# Поздравляем Сашку и Машу с окончанием 3 курса!



## Sfera (12 Июн 2012)

_*Ура, товарищи! Свершилось ! 







Сань, я тебя поздравляю! 
Знаю, как был нелегок этот год для тебя:проблемы со здоровьем, институт, огромная нагрузка на кибере. 
Но ты ведь справился, ты умничка!
Твой класс, как специалиста, растет ежеминутно, и для меня так и остается недостижимым, я не поспеваю))). 
Поэтому я безумно горжусь тобой.
В общем, ты крут :yess:!!*_

ну и ждет тебя таки 4 курс))))))) поэтому


----------



## грум (12 Июн 2012)

Поздравляю!!!


----------



## S.R (12 Июн 2012)

Поздравляю!


----------



## Hotab (12 Июн 2012)

ПоздРавляю


----------



## Farger (12 Июн 2012)

Поздравляю!!!


----------



## orderman (12 Июн 2012)

Поздравляю!!!


----------



## Сашка (12 Июн 2012)

Спасибо, Зая 

А что ты себя не поздравляешь с окончанием? Не скромничай, ты - Лучшая!!

это тебе

*Поздравим Машу с окончанием третьего курса!*


----------



## aidoqa (12 Июн 2012)

Поздравляю обоих!!!)


----------



## Sfera (12 Июн 2012)

Себя как-то нескромно =)). Спасибо!
Учение давалось очень тяжко, потому что несла тяжелые потери в борьбе с ленью))). 
Утилитный террорист Сашка пугал меня ежедневно страшными словами "дизассемблер", "IDA Pro", "OllyDbg". 
В общем, садюга, но очень умный)))). 
Меня терзают подозрения, что 4 курс тебе зачтут автоматом))))))))))
*
Конечно, выражаю огромную благодарность нашим преподавателям Диме и Сергею за терпение со мной в частности и науку!*


----------



## Сашка (12 Июн 2012)

Впиши свое имя в заголовок темы большими красными буквами)))) Быстренько)))


----------



## Mila (12 Июн 2012)

Ребята, рада за ВАС. Вы оба молодцы. Так держать!
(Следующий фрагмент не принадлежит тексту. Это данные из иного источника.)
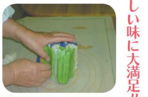
まさに芸術品!! どんな絵柄になるか楽しみです。

おいしいお米、ありがとう 松川小学校3年生安曇野まつかわ農業小学校の皆さんより、アイガモ農法で育てた無農薬コシヒカリをいただきました。 まめまめ弁当や利用者さんのお昼にいただき、食べた方からは、「おなかもちもちもいっぱいになった。本当においしかった。ありがとう。」と、たくさんさんの声をいただきました。

Молодцы.!!!


----------



## Hotab (12 Июн 2012)

Маша,поздравляю


----------



## shestale (12 Июн 2012)

Саша + Маша... Здорово! Молодцы! Поздравляю!!!


----------



## грум (12 Июн 2012)

Маша поздравляю!!!


----------



## orderman (12 Июн 2012)

Сашку поздравил, теперь очередь Маши.
Маша, молодец. Поздравляю с окончанием 3 курса!!! Как приятно что и девушки, хоть их и немного здесь, так многого достигли.


----------



## akok (12 Июн 2012)

Поздравляю!!! Наконец свершилось. Осталось выпускные экзамены сдать только


----------



## icotonev (12 Июн 2012)

Поздравляю..!

Это для Маши..!








Это для Сашки..!


----------



## thyrex (12 Июн 2012)

Поздравляю! Молодцы!


----------



## iskander-k (12 Июн 2012)

Сашка и Маша - Поздравляю !!!


----------



## regist (12 Июн 2012)

Поздравляю обоих, вы просто молодцы !


----------



## Drongo (13 Июн 2012)

Да, Саша и Маша, поздравляю вас, вы молодцы конечно же. Отмучились надеюсь )))


----------



## Tiare (13 Июн 2012)

Ура!!! Саша и Маша - вы такие молодцы! Поздравляю))))arty:


----------



## Sandor (13 Июн 2012)

Примите и мои скромные поздравления!
А мне-то казалось, что уж преподаватели все знают и умеют


----------



## Sfera (13 Июн 2012)

*Sandor*, никогда не поздно научиться новому и повысить квалификацию..
даже вири модифицируются, приобретая новый вредоносный функционал, надо поспевать за ними))))


----------



## Alex.M (13 Июн 2012)

Поздравляю вас обоих!


----------